# Adding anchormate mounts. Latest boat mod through the garage



## sparkbr (Jul 31, 2009)

So this is my latest boat mod. It's a brand new Weldbilt 1652. The guy wanted two platforms to mount two anchor mate powered anchor winches from. This is how it turned out.










































My house is starting to look like a boat dealership between my boats and the one's I'm doing work on.


----------



## Loggerhead Mike (Jul 31, 2009)

slick welds brother =D>


----------



## ober51 (Jul 31, 2009)

You don't realize how big that boat on the far right is until you see the small jon INSIDE it, haha. Great job.


----------



## sparkbr (Jul 31, 2009)

ober51 said:


> You don't realize how big that boat on the far right is until you see the small jon INSIDE it, haha. Great job.




Lol, Yeah, alot of people kind of have that reaction when they see it in person for the first time. The boat inside is a 1436, the big one is a 2476.


----------



## sparkbr (Jul 31, 2009)

Loggerhead Mike said:


> slick welds brother =D>




Thank you


----------



## Waterwings (Jul 31, 2009)

Nice work! 8)


----------



## bassboy1 (Jul 31, 2009)

Nice work. Side work like that is what I hope to start doing a little more in the coming future, and once I log a few more hours on the aluminum MIG machine, I should be able to pick up a few welding jobs. My yard is looking like that too. Well, except for the fact that a lot of the boats aren't on trailers, and they are limited to the driveway due to the steepness of the yard, and my driveway is a little smaller than your yard.....


----------



## forced2workborn2fish (Jul 31, 2009)

nice work 8)


----------



## Brine (Jul 31, 2009)

Nice work. That's a good looking jon too.


----------



## sparkbr (Aug 4, 2009)

Thanks everyone.


----------



## dunk50 (Aug 4, 2009)

sparkbr said:


> Thanks everyone.



You do some nice welding. Just a short point but maybe I'm to late. I mounted mine similar to yours. Then I read the instructions. They said that the anchor receiver arm needs to be 6" out from the boat. Mine kept catching and banging on the boat as I brought it up. Moved it out the 6" and it's much better. I do switch anchors a lot. 15# to 30#. Mushroom and River. Love them to death!! NOW! :wink:


----------



## RBuffordTJ (Aug 4, 2009)

sparkbr said:


> Lol, Yeah, alot of people kind of have that reaction when they see it in person for the first time.
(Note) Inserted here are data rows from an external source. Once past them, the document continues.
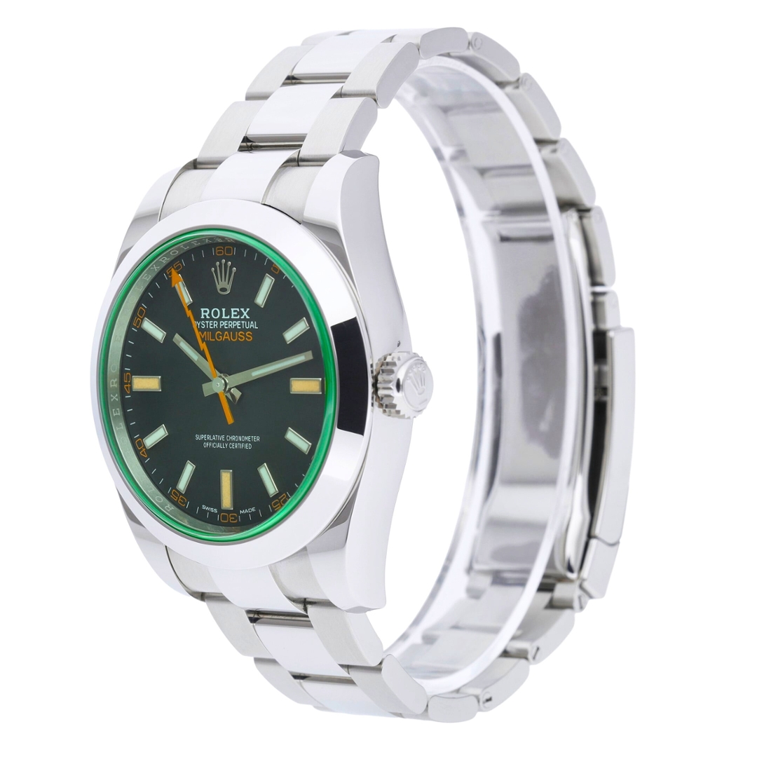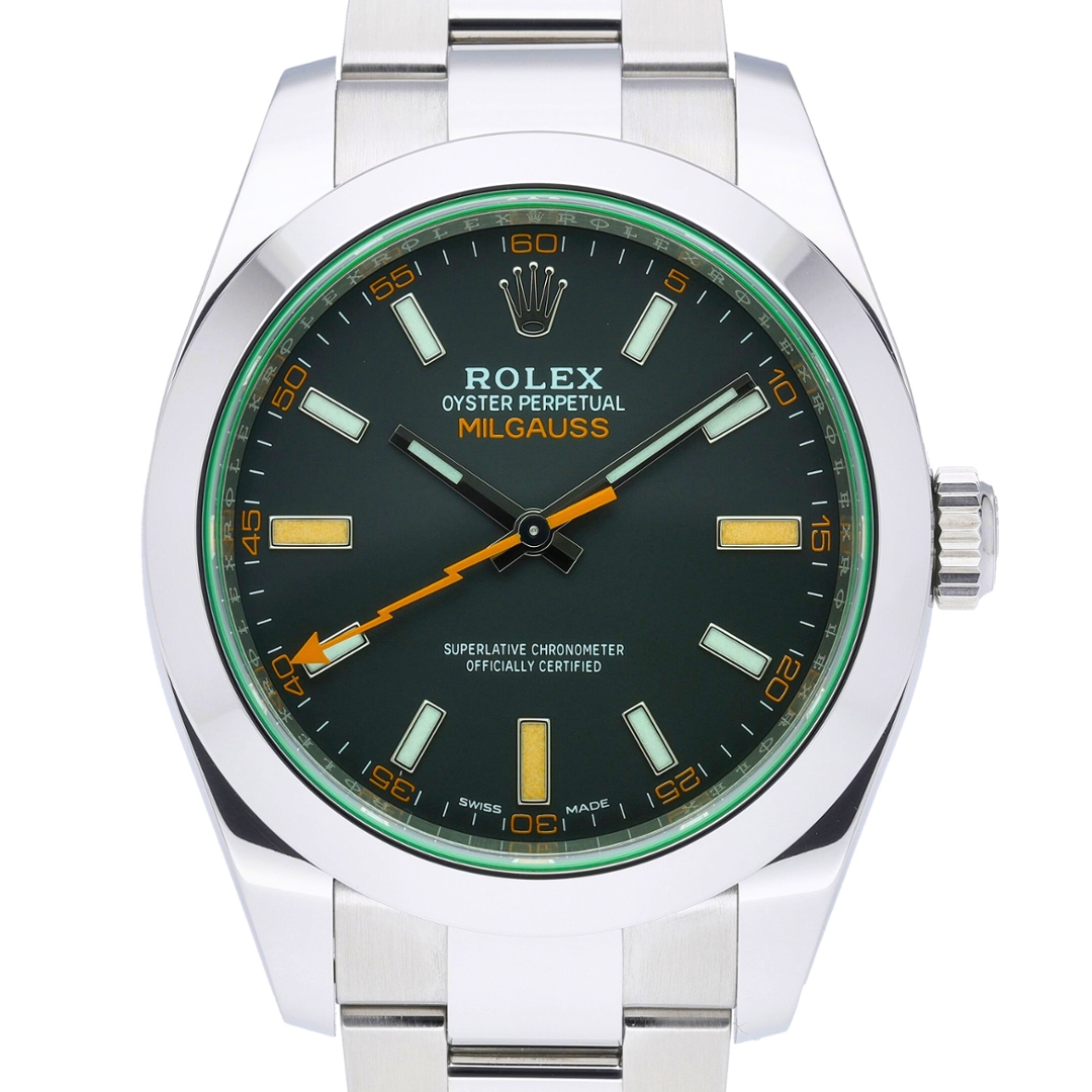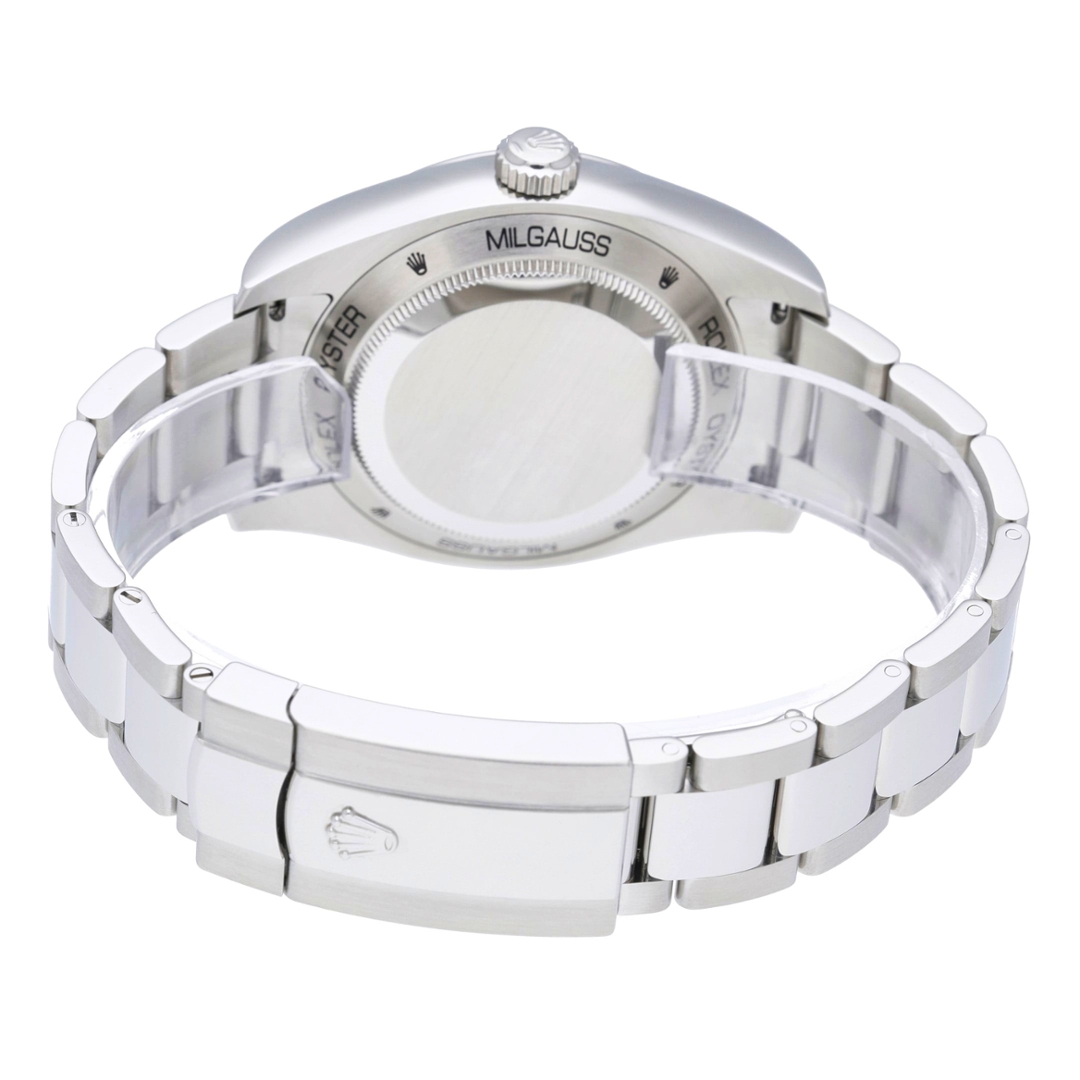 A Rolex Milgauss Watch that celebrates the perfect harmony of scientific innovation and striking design. Crafted from durable stainless steel, this model features the distinctive black dial enhanced by vivid orange accents and the signature lightning bolt seconds hand—a tribute to the model’s heritage as the engineer’s watch. The green-tinted sapphire crystal, unique to the Milgauss, adds a captivating visual depth while maintaining Rolex’s legendary scratch resistance and clarity.
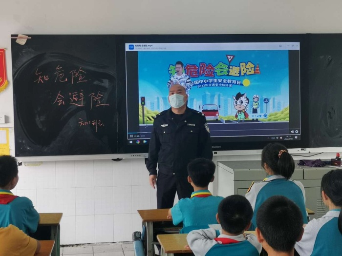 同学们认真聆听,获益匪浅。安全无小事,每个人的生命都只有一次,接下来民众公安分局民城派出所陈冠佳警官进班授课,与同学们近距离接触,引导同学们观看“知危险,会避险”2022年全国中小学生安全教育日交通安全体验课。
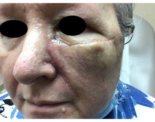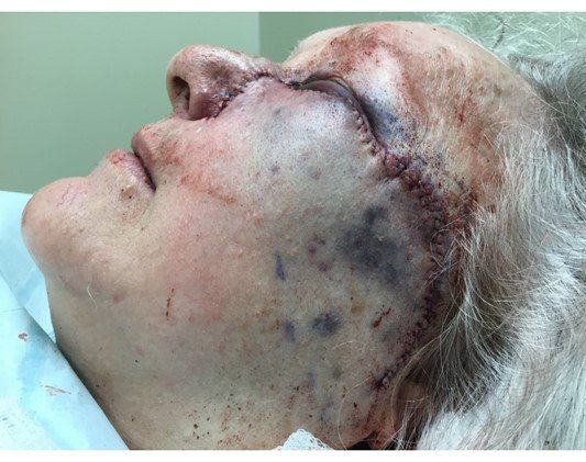 Several closure options were reviewed with the patient. Grafting was discussed, but she and her husband had significant concerns regarding the look of a graft, especially at this location. Ultimately, the patient opted for a rotation flap originating from her left cheek (Mustarde Flap). As we have discussed in a previous blog post, this flap has the advantage of being performed in a single stage while yielding a cosmetically pleasing result. Tissue from the lateral aspect of the left cheek was elevated and moved (rotated) centrally (Figures 3 and 4). This allowed for complete closure of both wounds while keeping the nose level and even and prevented the eyelid from being pulled down. The patient did develop bruising from the procedure due to the use of Plavix and aspirin. These medications were not held for our procedure as it is safer for the patient. At Pine Belt Dermatology, we almost never hold blood thinners prior to procedures. (Figure 3., Figure 4.)
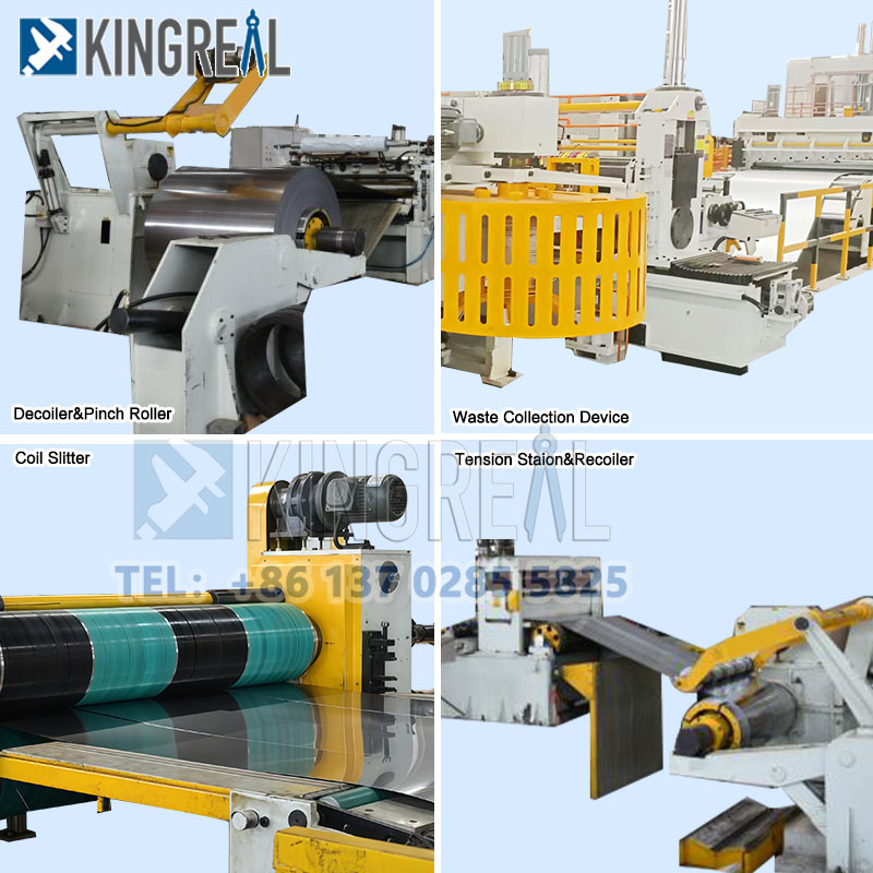 Kingreal Slitter Slitless Slitling Slitting Line adalah utama terdiri daripada decoiler, mesin slite keluli dan rewinder. Pada masa yang sama, komponen yang berbeza direka mengikut ciri -ciri keluli tahan karat.
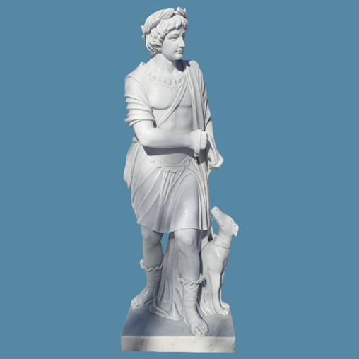 This beautiful hunter statue with hisdog is finely carved in a white and hard marble.
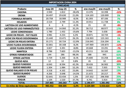 En mayo se dio una suba del 2,3% en el volumen de importaciones de lácteos de China en relación al mismo mes del año anterior, con algunas subas de productos y otras bajas, esto último en productos importantes como leche en polvo entera (-7%). Sin embargo, sueros y leche en polvo descremada aumentaron su volumen. En mayo China importó 243 mil toneladas de productos lácteos versus las 238 mil toneladas de igual mes del año pasado.
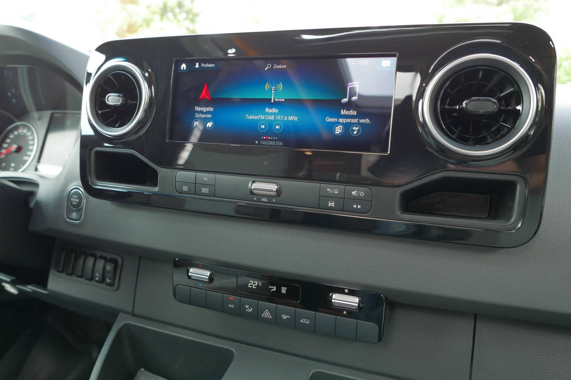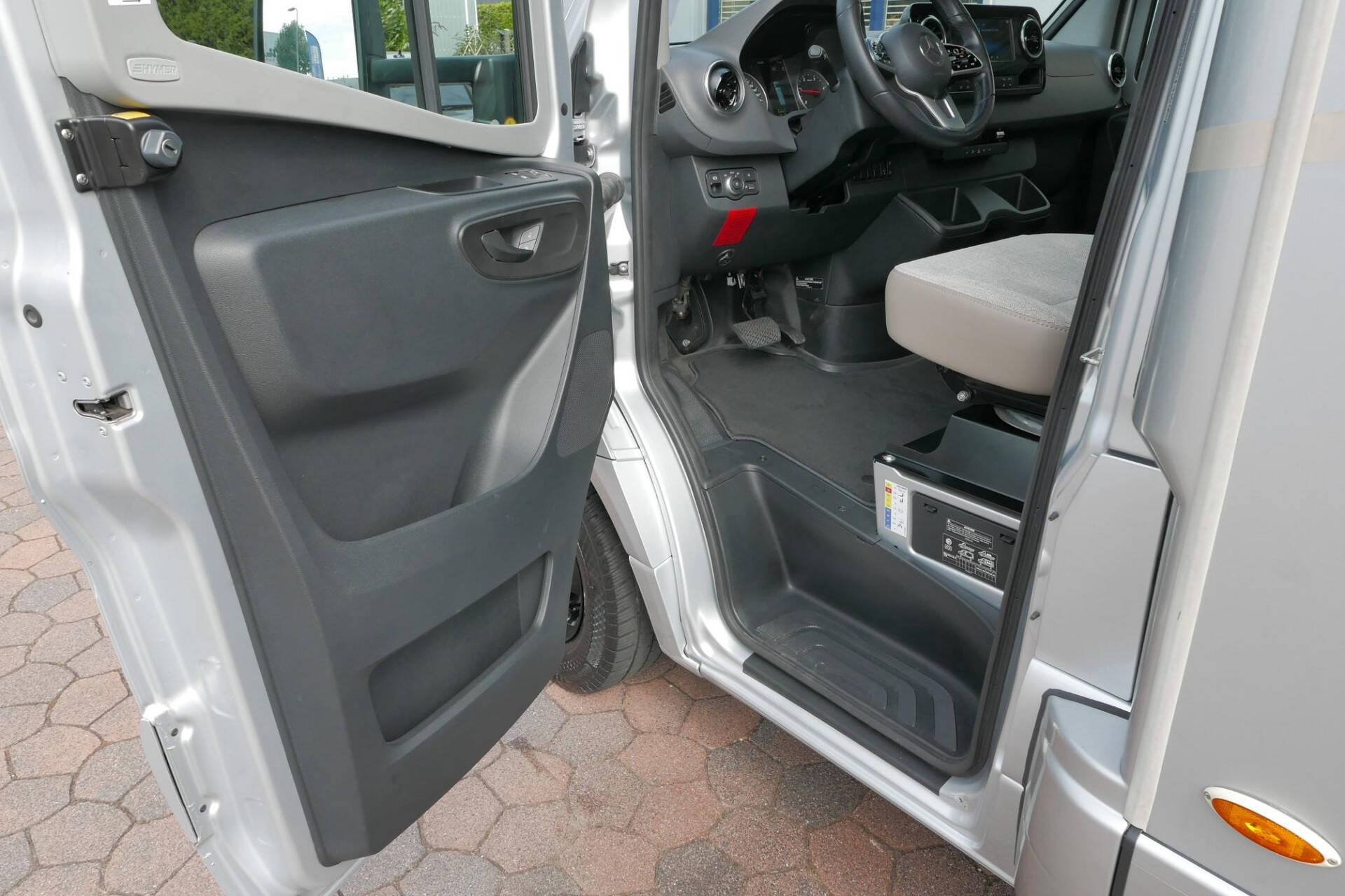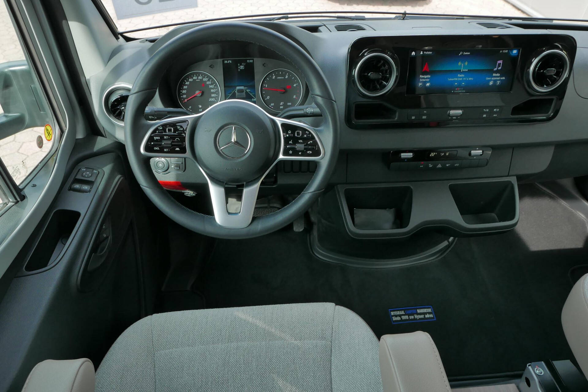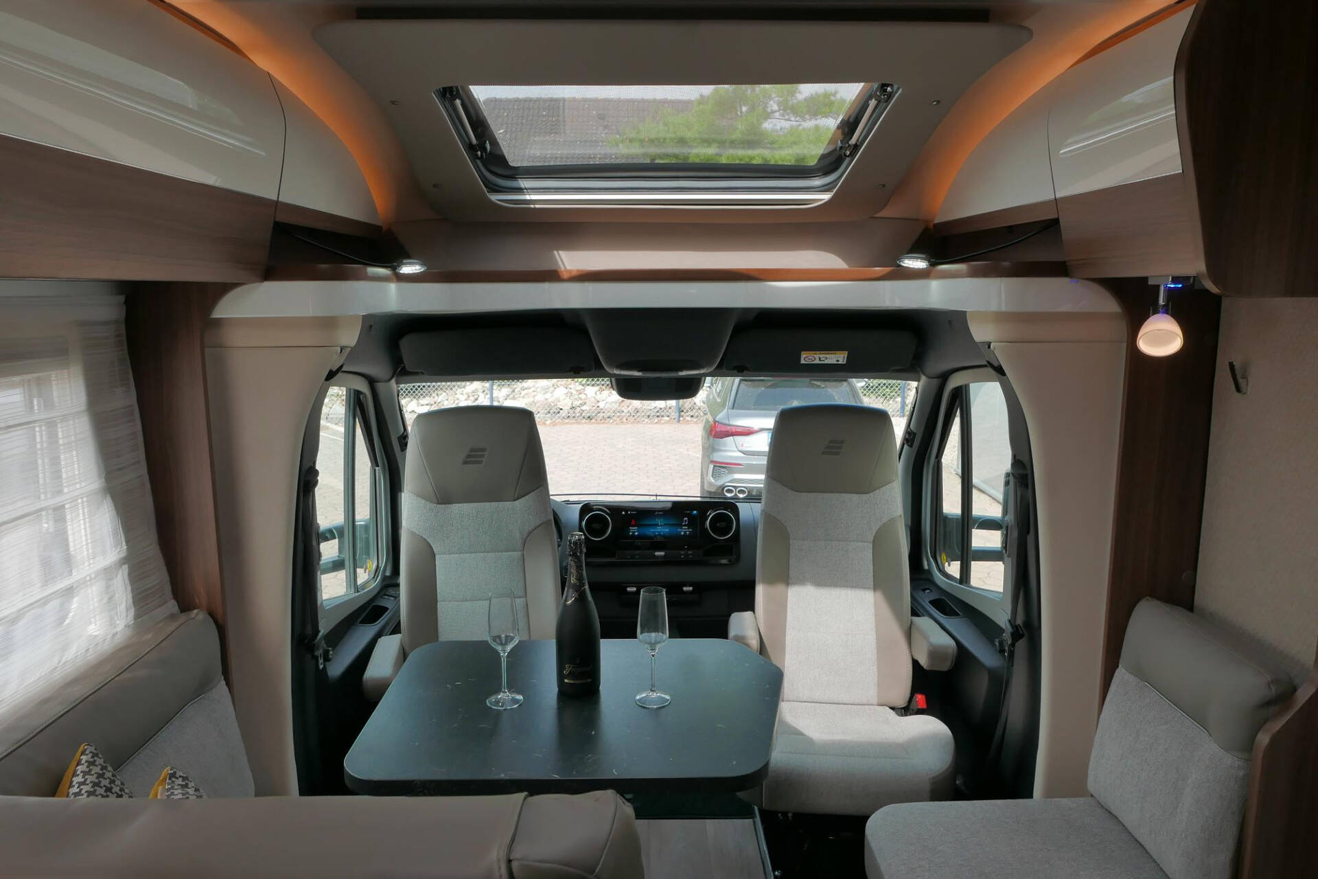 De cabine van deze half-integraalcamper is makkelijk toegankelijk via de bestuurders- en de passagiersdeur. De cabine is uitgerust met het Mercedes-Benz 10,25 inch MBUX multimedia systeem en 2 luxe pilotenstoelen die volledig verstelbaar en draaibaar zijn. Verder beschikt deze camper over:
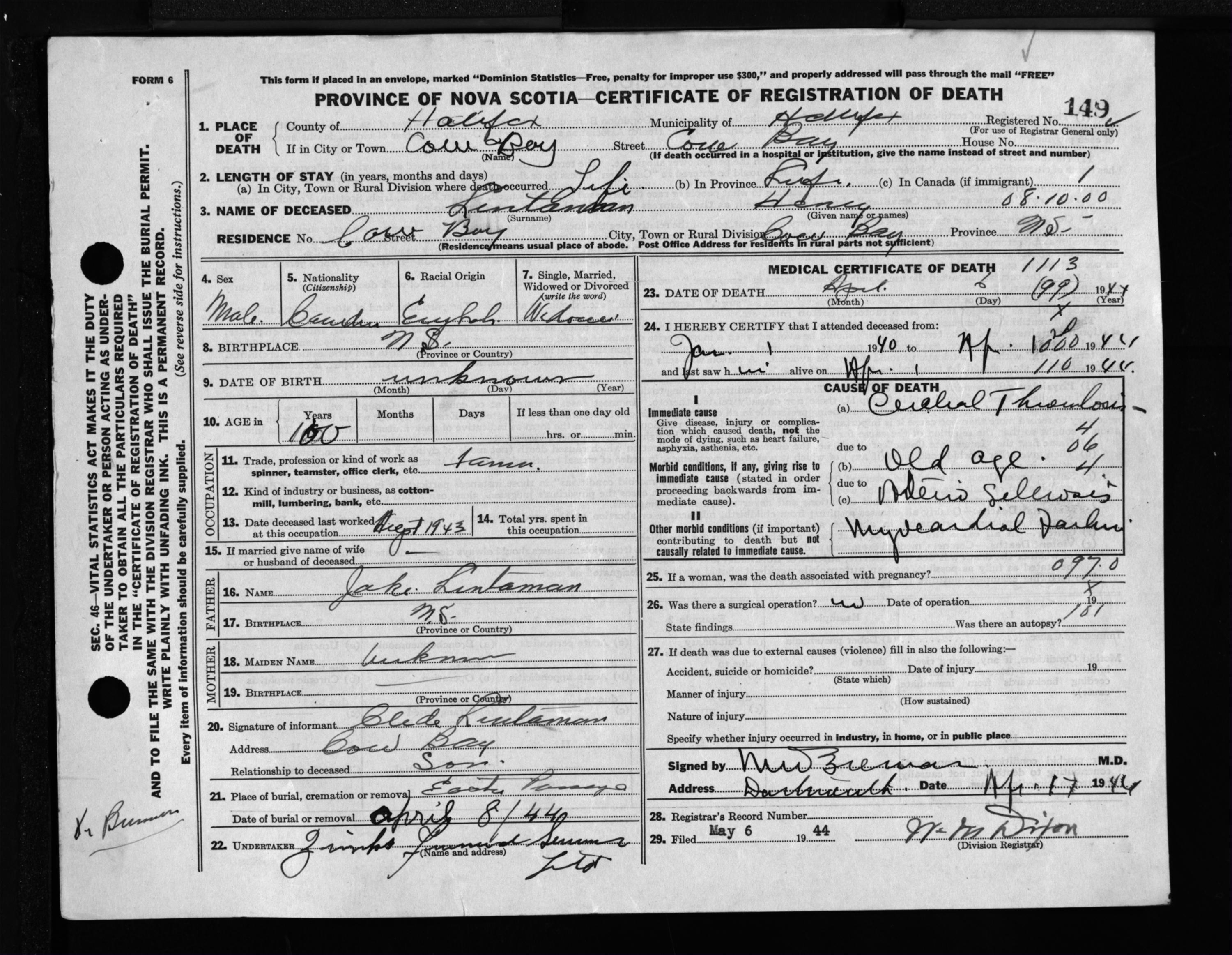 Male Death Registration: Year: 1944 file: 218 number: 149

The boat inside is a 1436, the big one is a 2476.



Holy cow! That looks like a nice fishin' barge, it carries its own 14' dingy!


----------



## sparkbr (Aug 4, 2009)

dunk50 said:


> sparkbr said:
> 
> 
> > Thanks everyone.
> ...




Thank you, I just had the winch and pulley sitting there for the picture. The guy who owned the boat wanted to mount them himself to save some money on the labor... Good eye though.


----------



## sparkbr (Aug 4, 2009)

RBuffordTJ said:


> sparkbr said:
> 
> 
> > Lol, Yeah, alot of people kind of have that reaction when they see it in person for the first time. The boat inside is a 1436, the big one is a 2476.
> ...



Lol, yeah, it's un-goddly stable on the water. I can even put two picnic tables in it with room for people to sit on em comfortably.


----------



## RBuffordTJ (Aug 4, 2009)

sparkbr said:


> Lol, yeah, it's un-goddly stable on the water. I can even put two picnic tables in it with room for people to sit on em comfortably.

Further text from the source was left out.